Дионисов. За власть и богатство! IV — страница 48 из 55

Очень скоро я убедился, что к моему приказу прислушались не все.

Чертова старуха графиня как всегда меня проигнорировала. Девиц отправила в глубину Долины, а сама осталась охранять хозяйство, оставленное Наденькой. И Клеткоголовый ее конечно учуял.

Учуял и пришел за нею.

— Вака! — прокричал я вниз по лестнице. — Охотничий штуцер мне, немедленно!

Вака там внизу командовал пулеметной точкой на входе в дом. Он меня услышал и птицей взлетел вверх по лестнице с собственным охотничьим штуцером в руках.

— Александр Петрович, — проговорил он, отдавая мне винтовку.

— Чем заряжен? — спросил я выставляя прицел на максимум, на четыреста метров.

— Пуля на крупного зверя.

— Хорошо, — произнес я упираясь ногой в перила площадки и поднимая винтовку к плечу.

Я не снайпер, но тётку искать некогда.

Старая графиня вышла на порог Приюта благородных девиц и высказывала приближающимся гвардейцам нечто явно нелицеприятное. Я конечно не слышал что, но мог представить.

— Ты ей не поможешь, — с тем же каменным лицом загадочного оракула произнесла Тисифона.

— Я не буду просто стоять и смотреть, — бросил я в ответ не отводя глаз от прицела в котором держал клетчатую башку Клеткоголового. — Вака! Ветер?

— Северо-запад, — отозвался Вака. — Три метра в секунду.

Я дал поправку на прицел.

Клеткоголовый нависал над графиней, сопровождавшие его гвардейцы с мрачными лицами окружили крыльцо, с которого им что-то говорила графиня. Она была в гневе.

Клеткоголовый шагнул к ней, графиня подняла руку и выпила эликсир.

Я выстрелил.

Но не успел. Пока летела пуля Клеткоголовый, вырвал из горла графини призванного ею элементаля.
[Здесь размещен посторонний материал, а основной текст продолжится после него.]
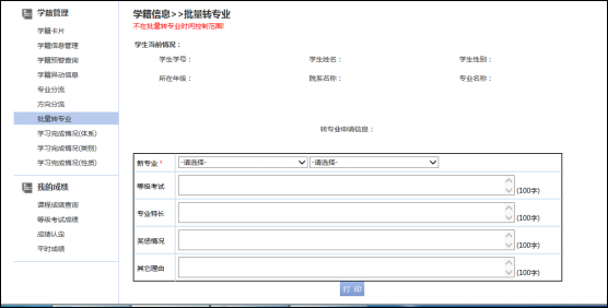 完成提交,点击打印。(打印的申请表请务必签名确认,最好一式两份,以便转出、转入学院都可以使用。)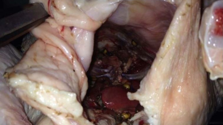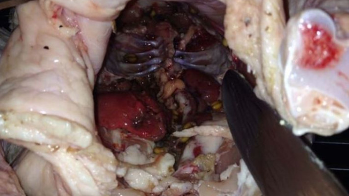 מה רבה הייתה תדהמתם כשהם גילו שהעוף לא היה נקי וכי וצוות חנות המזון לא הוציא את קרביו, כך שהתגלה להם מחזה לא סימפטי בו מערכת העיכול של העוף היתה עדיין מלאה בפסולת ומזון לא מעוכל. אכן, מחזה לא נעים.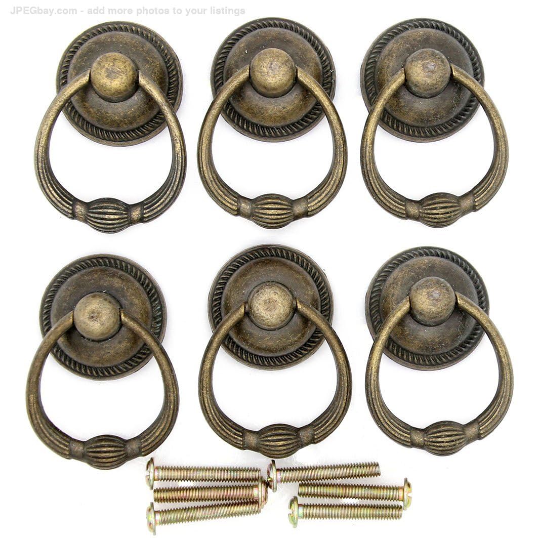 These vintage style drop ring pulls with distressed antique brass finish are a perfect addition to any kitchen cabinet, cupboard, desk, drawer, wardrobe, dresser, chest, etc.--Made from high-quality zinc alloy and finished with antique brass tone.--Large size: The diameter of domed base is 1.2 inches (31.5 mm). The ring outer diameter is 1.4-in (36 mm), and the overall vertical height of this pull handle is 2.1-in (54 mm).--Each ring pull has a single mounting hole.--Pack of 6 and crown bolts are included.

Брызги крови разлетелись, так словно я поразил цель, но пуля, вышибив облако искр из клетки отрекошетила в лицо одного из гвардейцев, разворотив ему нижнюю челюсть.

Клеткоголовый втянул в свой клетчатый череп новый элементаль, медленно повернулся в мою сторону, не спеша поднял огромную руку и погрозил мне пальцем.

Я, мол, всё видел и знаю где ты.

— Сука, — прошептал я, отнимая винтовку от плеча. — Тварь.

Подстреленного мною гвардейца поволокли в укрытие. А Клеткоголовый наклонился над телом графини, потом выпрямился и помахал мне её оторванной головой.

Уничтожу гнусную тварь.

— Конечно уничтожишь, — произнесла Тисифона. — Не сомневайся. Ты же Искандер.

А я что, это вслух сказал?

— Тогда как, Тисифона? Как мне его достать? — я скрипел зубами, так что сам это слышал. — Мы загоняем его в угол превосходящей огневой мощью, так он использует этих пойманных элементалей, чтобы проложить себе дорогу к отступлению. А в алкхоимическом поединке с ним лучше не сходиться, ты видела как он алкохимикам бошки откручивает? Я хочу угробить эту гребанную тварь, очень хочу, понять бы как.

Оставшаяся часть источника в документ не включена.